4. Phospholipid labeling and Per1 expression in CLOCK/CLOCK fibroblasts
To further investigate temporal regulation of the biosynthesis of phospholipids in cell cultures and potential involvement of clock genes, we assessed ³²P-phosphate incorporation into phospholipids and PER1 immunoreactivity in cultures of CLOCK/CLOCK and of corresponding wild-type fibroblasts derived from respective male mouse pituitary glands. In wild-type cells, both phospholipid labeling and PER1 expression displayed a daily variation with profiles resembling those described for NIH 3T3 cells. In CLOCK/CLOCK cells, the expression of PER1 was constant and robustly observed at all times assessed and metabolic labeling of phospholipids did not significantly vary across time. Levels of labeled phospholipids in mutants were continuously high as compared with those in the wild-type at most times. A 2-way ANOVA on phospholipid labeling revealed a significant effect of time (P<0.04), of cell genotype (wild-type vs. CLOCK mutants) (P<0.0000001), and of interaction (P<0.002).

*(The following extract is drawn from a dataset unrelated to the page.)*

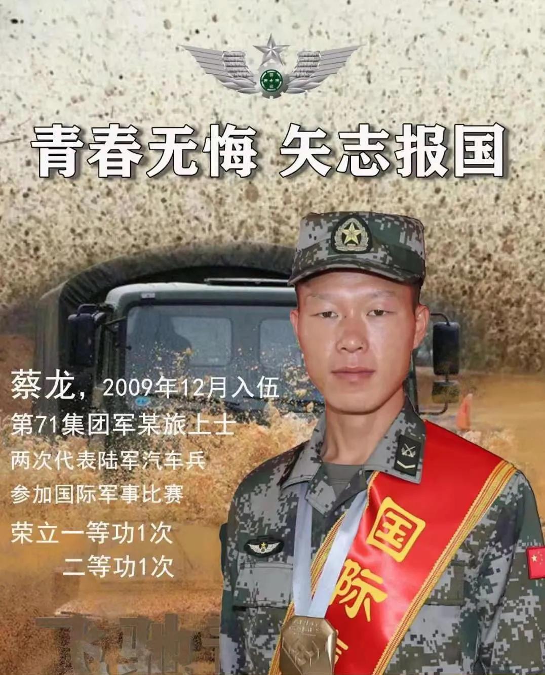 蔡龙,第71集团军某旅上士,两次代表陆军汽车兵赴俄罗斯参加“汽车能手”国际竞赛,两次包揽指挥车驾驶课目全部金牌,两次被俄罗斯国防部评为“最佳车手”。入伍以来,先后荣立一等功1次、二等功1次,被评为“全军优秀士官人才一等奖”“全军红旗车标兵”、陆军“军事训练先进个人”,被河北省聘为“2019年度征兵宣传形象大使”。

CONCLUSIONS AND SIGNIFICANCE

Our findings support the idea that fibroblasts in culture are capable of oscillating in their metabolic functions as indexed by changes observed in the biosynthesis of their phospholipids (Fig. 1A and Fig. 3 A). These metabolic oscillations may constitute an output of circadian oscillators located in cultured cells and may reflect a differential requirement of lipids recently synthesized for membrane biogenesis or for generation of distinct waves of lipid derived-2^nd messengers varying across time. These metabolic oscillations persist at least during two cycles in cultures of NIH 3T3 cells and exhibit a period longer than 24 h. In addition, Per1 expression is rapidly induced after the serum shock and displays circadian rhythmicity in these cells (Fig. 1B , 3A ). The daily variation described in phospholipid biosynthesis occurs in an antiphase manner to the expression of Per1: when phospholipid labeling is high, Per1 expression is very low and vice versa. Moreover, when Per1 expression is knocked down by using a specific antisense oligonucleotide, metabolic oscillation observed in the incorporation of labeled precursors into phospholipids damped out (Figs. 2B , 3B ), increasing levels of radioactive phospholipids at those phases at which biosynthetic levels were normally low (26–29 h after serum shock). In addition, in CLOCK mutant fibroblasts (Fig. 3C ), our observations showed that oscillatory mechanisms are severely impaired at least for Per1 expression and for biosynthesis of phospholipids.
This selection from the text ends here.